She waited 30 minutes for her son Biron to get out of his speech therapy class, three hours on the bus to get him from their small community in rural Ecuador to the class in Riobamba, and three years for him to finally say his first word, which she said beaming with pride, was “mama.”            

Biron was born with no roof in his mouth. This birth defect has made it very difficult for him to eat and drink throughout his life, and seriously stunted his linguistic development.

“I felt happy when he spoke and I saw that he was recovering. I felt like anything was possible, I asked god for him to recover and he is with the help of the foundation (MEDLIFE), thank god.”        
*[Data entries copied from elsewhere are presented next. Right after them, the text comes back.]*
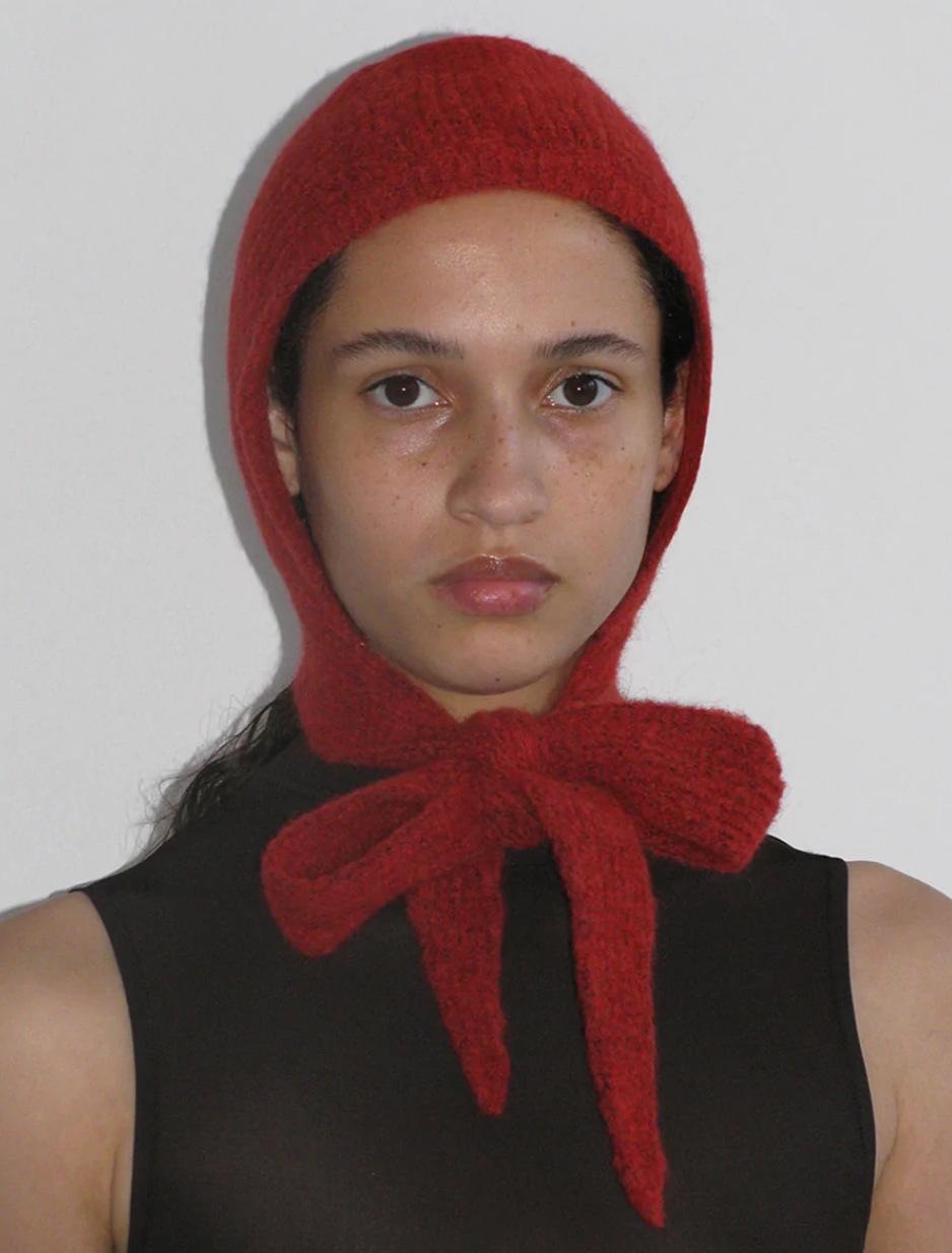今年火的巴拉克拉法帽還得是來自西班牙的針織品牌Paloma Wool,這頂針織小紅帽借用了巴拉克拉法帽的形態(tài),但通過系帶的方式讓佩戴更加隨意。雖然沒有了原本的強(qiáng)包裹性,但寬松的樣子適用于更多臉型。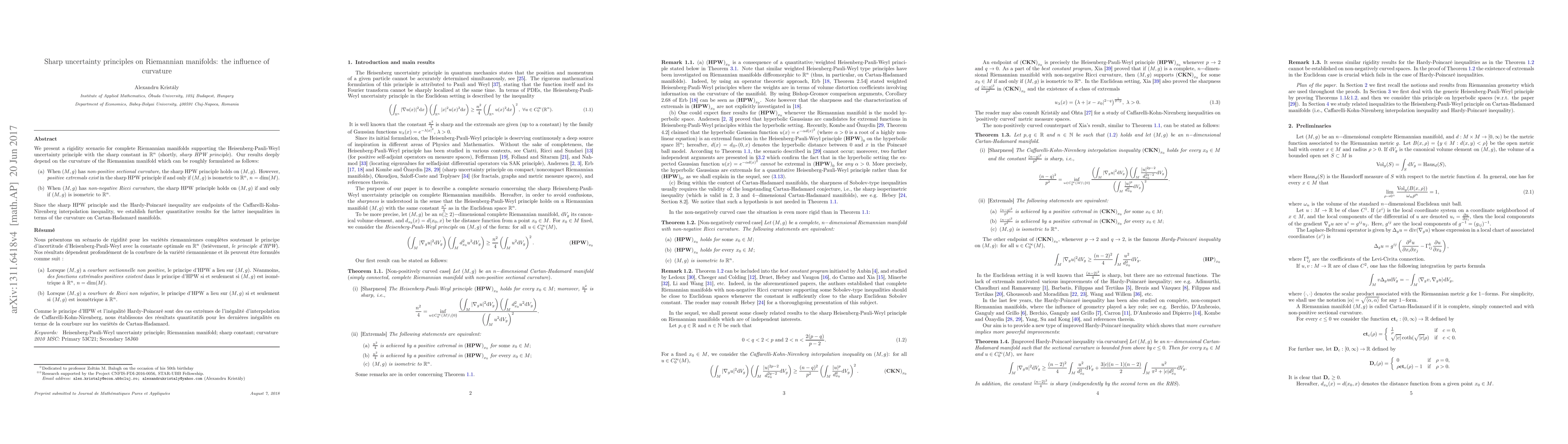 We present a rigidity scenario for complete Riemannian manifolds supporting the Heisenberg-Pauli-Weyl uncertainty principle with the sharp constant in $\mathbb R^n$ (shortly, sharp HPW principle). Our results deeply depend on the curvature of the Riemannian manifold which can be roughly formulated as follows: (a) When $(M,g)$ has non-positive sectional curvature, the sharp HPW principle holds on $(M,g)$. However, positive extremals exist in the sharp HPW principle if and only if $(M,g)$ is isometric to $\mathbb R^n$, $n={\rm dim}(M)$. (b) When $(M,g)$ has non-negative Ricci curvature, the sharp HPW principle holds on $(M,g)$ if and only if $(M,g)$ is isometric to $\mathbb R^n$. Since the sharp HPW principle and the Hardy-Poincar\'e inequality are endpoints of the Caffarelli-Kohn-Nirenberg interpolation inequality, we establish further quantitative results for the latter inequalities in terms of the curvature on Cartan-Hadamard manifolds.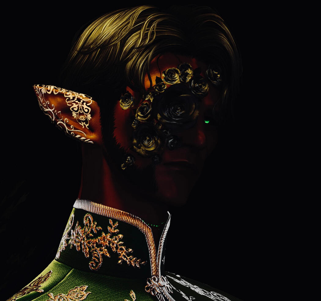 -NOTABLE TRAITS- Droopy Pointed Ears, unmarred pale skin, stiff, porcelain and gold left hand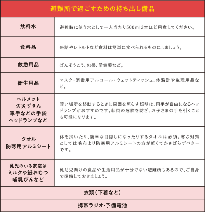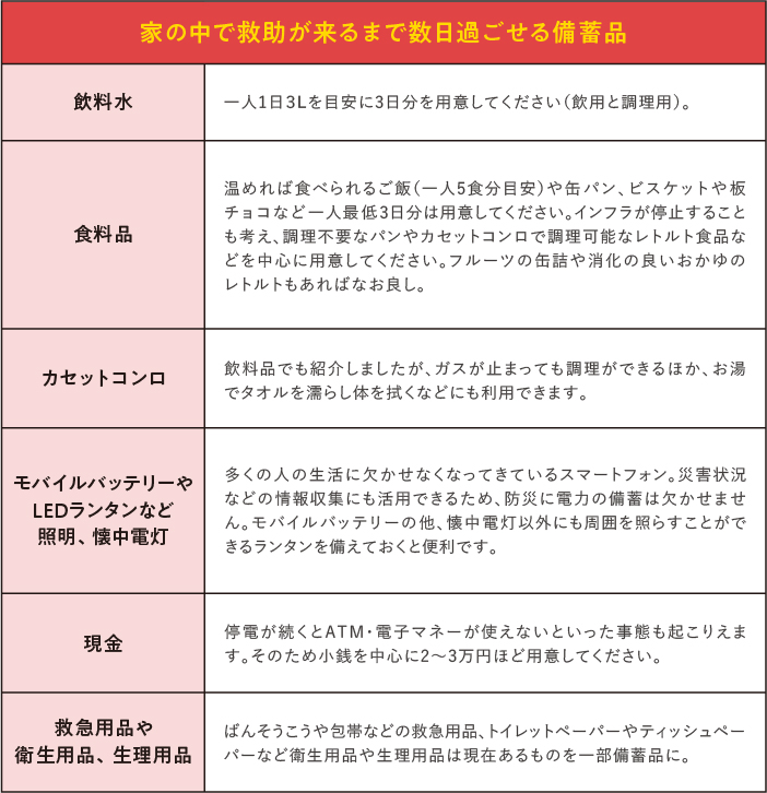 その中でも、①家の中で救助が来るまで数日過ごせる備蓄品 ②避難所で過ごすための持ち出し備品を紹介します。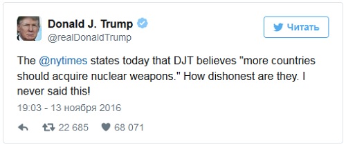 Трамп заявил, что Нью-Йорк Таймс исказила его позицию по ядерному оружию ТАСС, ОПУБЛИКОВАНО 14.11.2016 Избранный президент США Дональд Трамп считает, что американская газета "The New York Times" исказила в своих материалах его позицию по поводу ядерного оружия. Соответствующее сообщение он разместил в своем микроблоге в социальной сети Twitter. "The New York Times сегодня заявила, будто бы Дональд Трамп считает, что "больше государств должны получить ядерное оружие". Какие же они бесчестные. Я никогда этого не говорил", - написал республиканец. ![]() Во время предвыборной гонки он несколько раз теоретически допускал появление ядерного оружия у Японии и Южной Кореи. Трамп также сообщил в воскресенье, что "The New York Times" якобы разослала подписчикам письмо с извинениями по поводу "плохого освещения" касающихся его событий. При этом республиканец выразил сомнение в том, что издание как-то изменит свою информационную политику. По утверждению миллиардера, газета "теряет тысячи подписчиков из-за очень слабого и в значительной степени неверного освещения "феномена Трампа". По итогам президентских выборов кандидат от республиканской партии получил более 270 голосов выборщиков, что гарантировало ему победу. При этом в ходе избирательной кампании почти все ведущие американские СМИ отдавали явное предпочтение Хиллари Клинтон, которая также лидировала по результатам опросов общественного мнения до голосования. Ключевые слова: Нераспространение, США Другие новости: CNNC предлагает объединить АЭС и ГАЭС как альтернативу манёврам Пилотным может стать проект АЭС "Zhangzhou" и ГАЭС "Pingshuiyang". TVO получила первое решение арбитражного суда по делу об "Олкилуото-3" Документ трактует большинство фактов в пользу TVO. В мире статус действующего имеют 450 блоков, статус строящегося 60 блоков - PRIS Учтены пуск одного и начало строительства другого блоков в Пакистане. |

Elsa first realized something was wrong with Biron right after he was born, when he wasn’t able to breast feed normally. She tried feeding him powdered milk, an expensive thing to buy for a poor farming family, but still the milk would come out of his nose. She was never able to afford to take him to a doctor, or to figure out how to navigate Ecuador’s confusing public healthcare system on her own, but she eventually figured out how to feed him as an infant by plugging his nose and pouring powdered milk into his mouth.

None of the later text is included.